* _What the exercise asks_
When you reach the line with "Questa sera allo" in the records below, begin transcribing exactly and continue up to and including the line with "Algumas das piores", leaving out every picture.

* _Data supplied_
________________

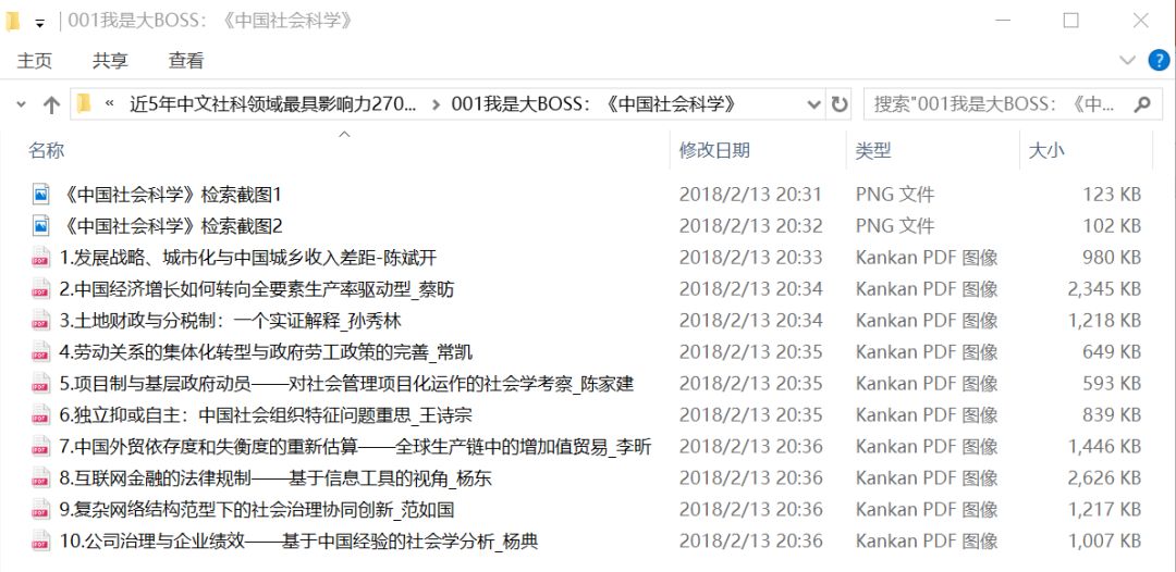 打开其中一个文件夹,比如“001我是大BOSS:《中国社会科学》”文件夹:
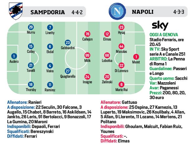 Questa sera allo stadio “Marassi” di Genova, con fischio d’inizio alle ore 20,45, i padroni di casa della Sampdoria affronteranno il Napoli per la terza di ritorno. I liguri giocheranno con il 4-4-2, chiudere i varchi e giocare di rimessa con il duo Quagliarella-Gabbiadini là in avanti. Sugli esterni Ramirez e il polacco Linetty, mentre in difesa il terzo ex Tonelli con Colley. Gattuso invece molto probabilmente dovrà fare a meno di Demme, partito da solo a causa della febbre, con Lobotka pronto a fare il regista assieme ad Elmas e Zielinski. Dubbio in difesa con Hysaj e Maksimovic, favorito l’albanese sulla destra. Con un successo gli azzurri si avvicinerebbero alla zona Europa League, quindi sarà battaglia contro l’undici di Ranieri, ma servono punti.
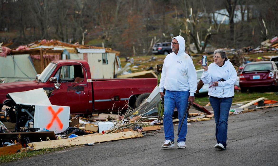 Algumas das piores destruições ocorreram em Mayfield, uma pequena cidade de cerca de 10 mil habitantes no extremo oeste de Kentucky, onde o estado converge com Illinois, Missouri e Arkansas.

________________

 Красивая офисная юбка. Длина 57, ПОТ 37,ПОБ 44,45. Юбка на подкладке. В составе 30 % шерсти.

________________

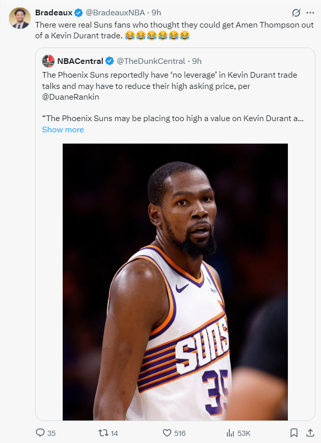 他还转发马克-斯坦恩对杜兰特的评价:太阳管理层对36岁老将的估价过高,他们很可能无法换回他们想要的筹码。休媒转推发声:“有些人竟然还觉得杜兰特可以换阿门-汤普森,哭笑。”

________________

* _Solution to this problem_
 Questa sera allo stadio “Marassi” di Genova, con fischio d’inizio alle ore 20,45, i padroni di casa della Sampdoria affronteranno il Napoli per la terza di ritorno. I liguri giocheranno con il 4-4-2, chiudere i varchi e giocare di rimessa con il duo Quagliarella-Gabbiadini là in avanti. Sugli esterni Ramirez e il polacco Linetty, mentre in difesa il terzo ex Tonelli con Colley. Gattuso invece molto probabilmente dovrà fare a meno di Demme, partito da solo a causa della febbre, con Lobotka pronto a fare il regista assieme ad Elmas e Zielinski. Dubbio in difesa con Hysaj e Maksimovic, favorito l’albanese sulla destra. Con un successo gli azzurri si avvicinerebbero alla zona Europa League, quindi sarà battaglia contro l’undici di Ranieri, ma servono punti.
 Algumas das piores destruições ocorreram em Mayfield, uma pequena cidade de cerca de 10 mil habitantes no extremo oeste de Kentucky, onde o estado converge com Illinois, Missouri e Arkansas.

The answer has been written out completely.